Performance Problems with sending data 1000 miles

Well, its not a bank holiday in Switzerland, so while you are all having fun in the sun or spending your day in the pub as is traditional for the May bank holidays, I’m sitting here working on an interesting performance problem.

We are trying to transfer 200,000 rows of data from SAP in Lausanne to MS SQL Server in the Ukraine (1000 miles away?). Its averaging 0.5 seconds per row and so will complete in roughly 27 hours. That causes the customer a few problems because its scheduled for 3am and has to be complete by 6am… The techy implementation is to use JDBC to do an insert/update statement depending upon if the row already exists, so we are actually doing several JDBC calls per row of data.

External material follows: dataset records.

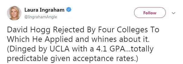David Hogg says Laura Ingraham is a bully because of a tweet she wrote about him… What do you think?
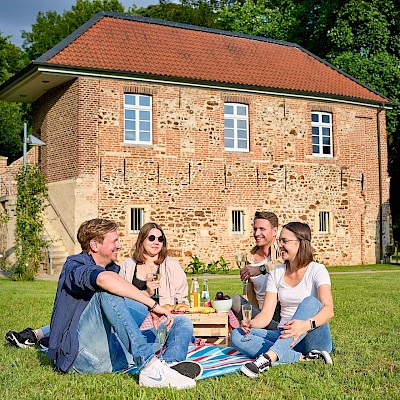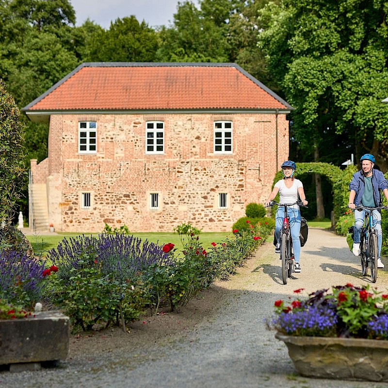 Schloss Sythen in Haltern am See ist eine typisch westfälische Burganlage: Historische Backsteingewölbe, rosenumwachsene Mauern, ein knarrendes Holzportal am Torhaus mit der alten Backsteinfassade und die urige kleine Kapelle verleihen der über tausend Jahre alten Wasserschloss-Anlage einen ganz besonderen Charme. Und doch fehlt ein entscheidenes Detail: das Schloss.
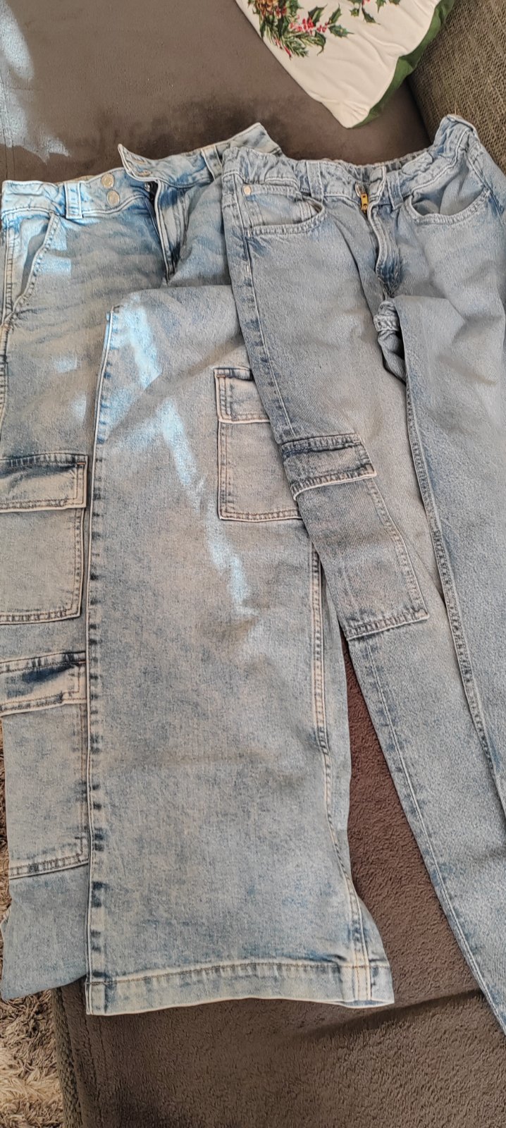 Pekná bledotyrkysová farba, na fotkách žiaľ nie je vidieť. Dcéra ich vôbec nemala oblečené, ale od nova majú žlté fliačiky na zadku (zohľadnené v cene), ale ku dlhšej tunike, alebo tričku v pohode...

Originally we thought that the bandwidth to the Ukraine together with a crackily/dodgy/unreliable phone line was the problem, but a quick calculation for the 1MB ADSL line that services the Ukrainian network, showed that it should be transferring in the range of several gigabytes in 27 hours, not a measly 25 megabytes…

So along came our DB expert who suggested that calling a stored proc would be better because it would involve sending less bytes of data (the call to a stored proc does not name the columns being updated) as well as be optimised by the engine. Furthermore, it could do the check to see if the row already exists, reducing the amount of calls we had to do. The theory was that using a stored proc would be about 5 times quicker. So away I went and did a test. The results were that a single insert statement was taking around 146 milliseconds (average of 100 calls) and the stored proc was taking an average of 140 milliseconds. Hmmm…. so only 6 milliseconds in it!

So I got thinking a little harder and wondered if the problem was the amount of time taken to send the data over the wire to the Ukraine because of its distance, AKA latency. I have a server in the States which I use for my wife’s jewellery web site (www.dragonflyjane.com – yes another shameless plug – sorry) and it can take up to half a second longer to display a page than a site in the UK. Its because as soon as it gets to that wire that goes across the Atlantic floor, it slows right down. A quick ‘trace route’ using something like ‘tracert www.dragonflyjane.com’ and comparing it to ‘tracert www.google.co.uk’ (from the dos prompt) shows the difference. It gives a print out of the average time to get from each server to the next, along the route taken to get to the target server. Sure enough, the result of the trace route to the Ukraine showed an average time of around 150 milliseconds, which is almost exaclty the time we saw it taking to execute each SQL statement.

So, we decided to bunch our statements together and send them at one time. That means only a single delay of 150 milliseconds, as opposed to a delay once per row. Sure enough it worked! We haven’t completed the code changes yet, but are thinking it is going to take in the region of 15 minutes to do the updates for all 200,000 rows of data.

Now, the sad part is that we only discovered these issues in production and the customer is complaining that we did a bad job. Lets look at this a little more… Firstly, the customer did sign off the implentation (through some basic UAT tests). Their UAT tests did not include any kind of serious load testing. They knew that they would see 200 or maybe 300 thousand rows of data in production, but only tested with 10% of that. Second, we warned them that the interface was slow and asked if it was acceptable. We chased them about it too, but never had a response. By the time we went to UAT we decided it was their problem as we had done all we could. Thirdly, in the specifications that were provided and signed off by the customer, the estimated amount of data that we would process in a day was not more than 50 kilobytes. The final problem here was that because this interface is running in batch and is dealing with a lot of data, it would have been better to implement it as an ETL project, not EAI. But that decision is strangely out of our hands and in the hands of the customer, for some strange political reason. And sadly the customer had never heard of ETL. There is another issue in that the SAP connector for the ETL package is something like 500,000 US dollars. And even though there has been a lot of rework using expensive consultants, we cost a lot less than 500,000 USD!

Lessons learn?

1) Get the requirements right!

2) If you notice slow transactions during unit testing, chase it up and start doing some performance testing and thinking of how to fix it. Do root cause analysis to really work out what the problem is, so that it takes less time to analyse in production.

3) If the customer is not experienced enough to do realistic testing in UAT, give them a hand by suggesting some scenarios.

4) Really get the requirements right! We were asked to build the equivalent of a car to drive from London to Edinburgh and back, a few times a day and the customer wasnt happy that he couldnt send his entire army within 24 hours!